Legumes rather cereals
The researchers started working at the archaeological Neolithic site of Tell Qarassa North in southern Syria. There, plant remains suggest that by 10,700 years ago cereals such as barley were being cultivated in important proportions. The study presents it as one of the earliest sites in the Middle East with evidence of morphologically domesticated wheat and barley.
But when the scientists from the University of the Basque Country and the University of Copenhagen looked at the evidence from sites located in the eastern Fertile Crescent, they found no evidence of similar practices at this time.
Their analysis suggests that domesticated-type cereals only appeared around 400 to 1,000 years later in Iraq, Iran and southern Turkey. Legumes, fruits and nuts likely dominated people's diets until then.
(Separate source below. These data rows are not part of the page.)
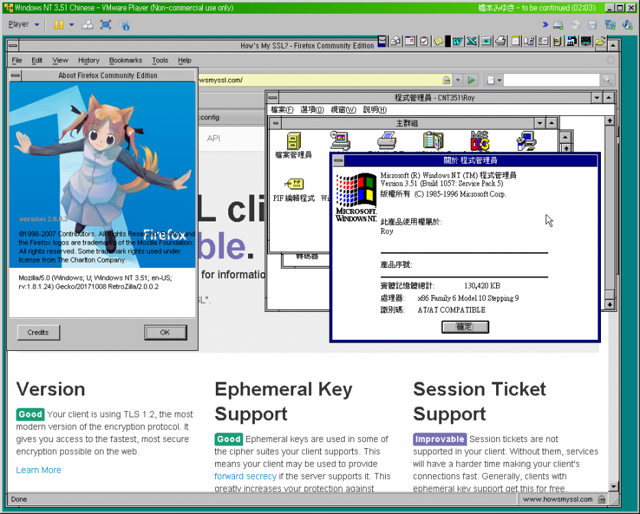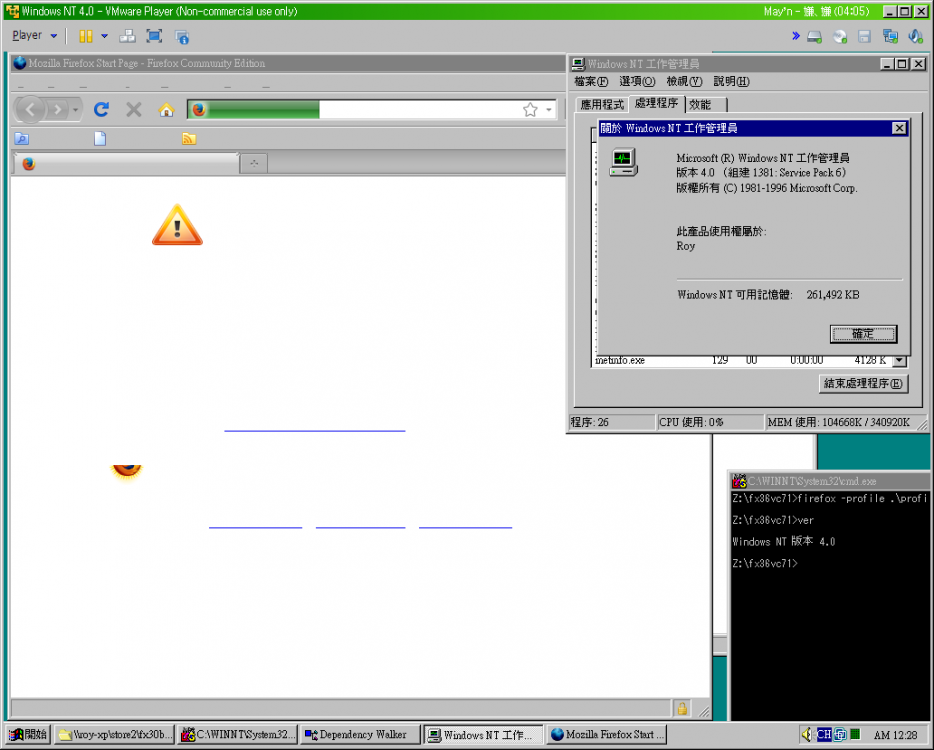 By my binaries or official rz2.0? I doesn't test my build on NT 3.51 yet. BTW I'm still trying to get fx3.6 build with VC2003(as my old effort some years ago, and now I pick it up again), and chromium ipc library hurts. EDIT: so --disable-ipc switch is used. and now struggling in widget folder. EDIT2: Build success but crash on startup, need more debugging. EDIT3: Back to origin - Build works in XP but not NT4, firefox.exe exits immediately once started on NT4. Trying to build a DEBUG build of 3.0b1 and run on NT4 to see which component causing issue. EDIT4: Seems to me Mutex problem?
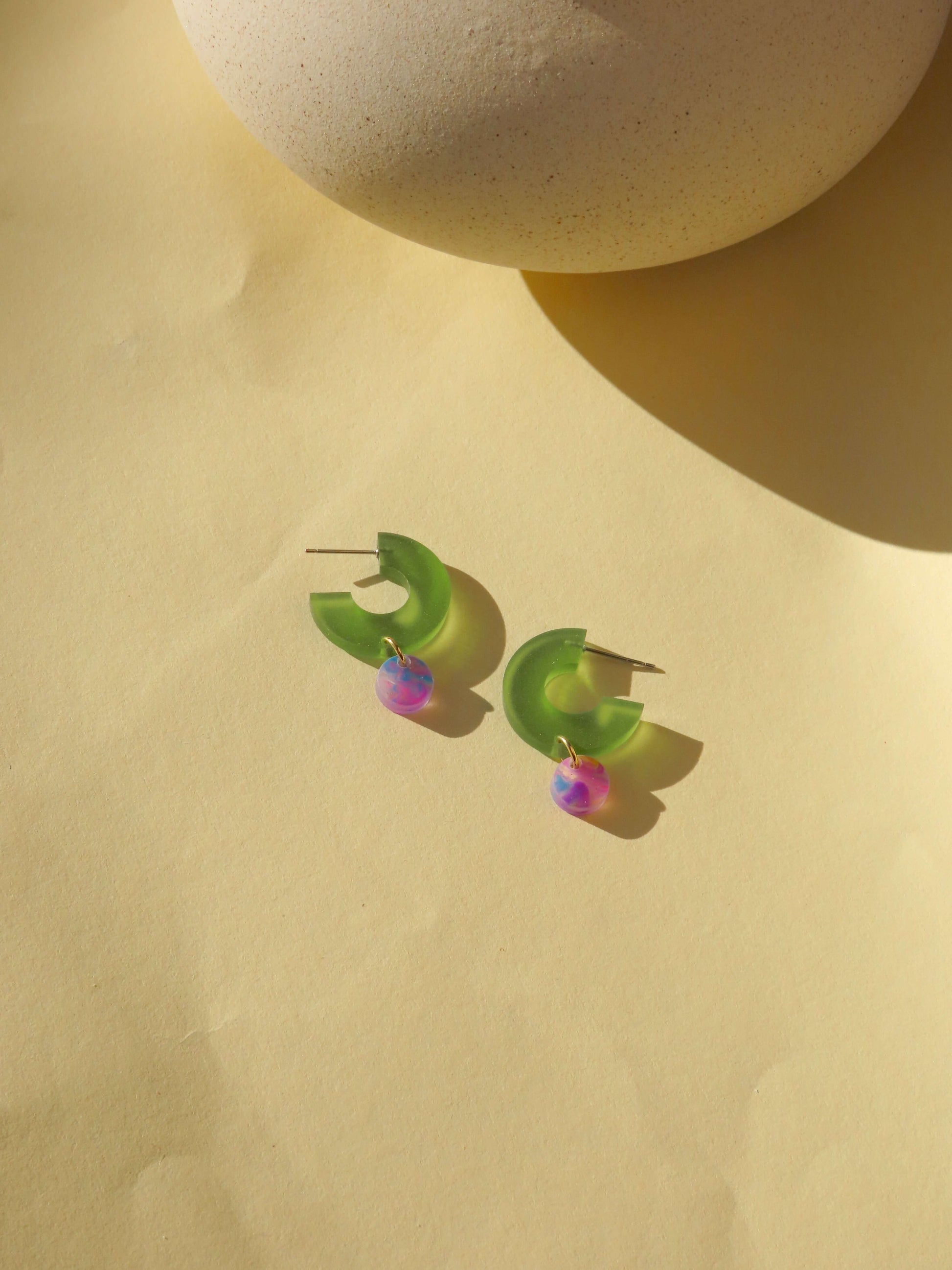 Creolen Silva aus Acryl und Edelstahl in olive und fantasy
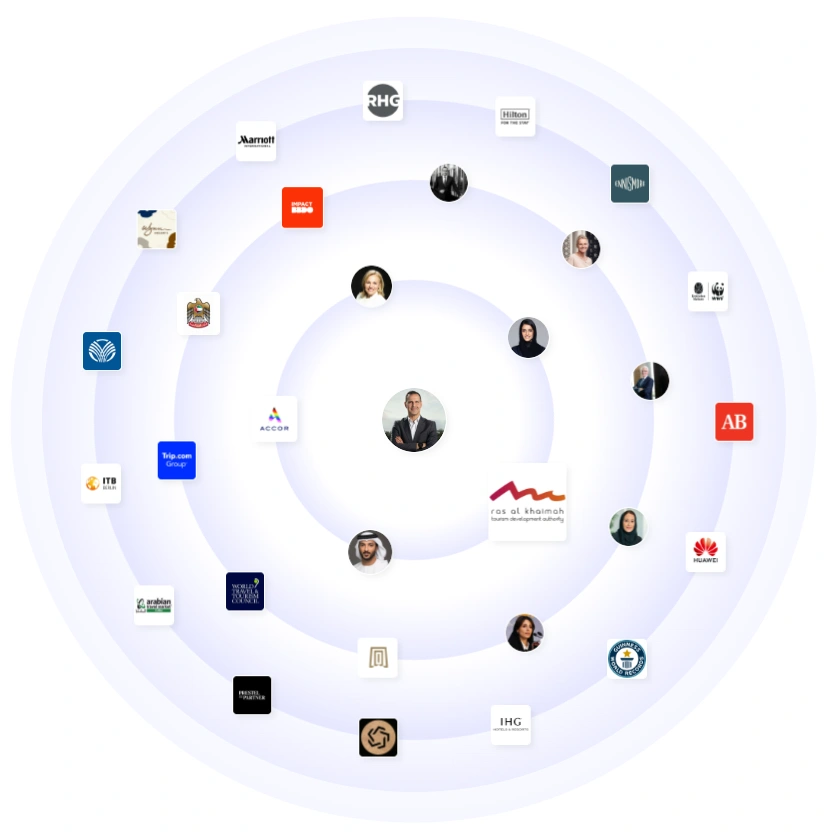His orbit features global hotel groups and travel platforms: Marriott, Hilton, Radisson, Accor, IHG, Trip.com, and ITB Berlin. Regional institutions, ministers, and business leaders appear alongside sustainability groups and media. Brand partners from tech and culture also show up, creating reach from policy rooms to resort lobbies. It’s a high-trust mix that accelerates investment and storytelling.

"It was surprising to discover that despite being considered very important, and despite their dominant role in our agriculture, domesticated cereals might not have been so important in Neolithic times, in many regions" study author and archaeobotanist Amaia Arranz Otaegui told IBTimes UK.
"On most of the archaeological sites, researchers usually focus on cereal remains despite the archaeological often being quite poor. I would like to shift this focus and have us look at the record for other plants, because that may help us better understand ancient cultures and better characterise their agriculture".
The study thus emphasises the need to re-assess the importance that scientists attribute to cereals such as wheat and barley and to investigate past exploitation of other plants such as lentils, beans and peas because they were potentially crucial to the diets of people living in the eastern Fertile Crescent more than 10,000 years ago.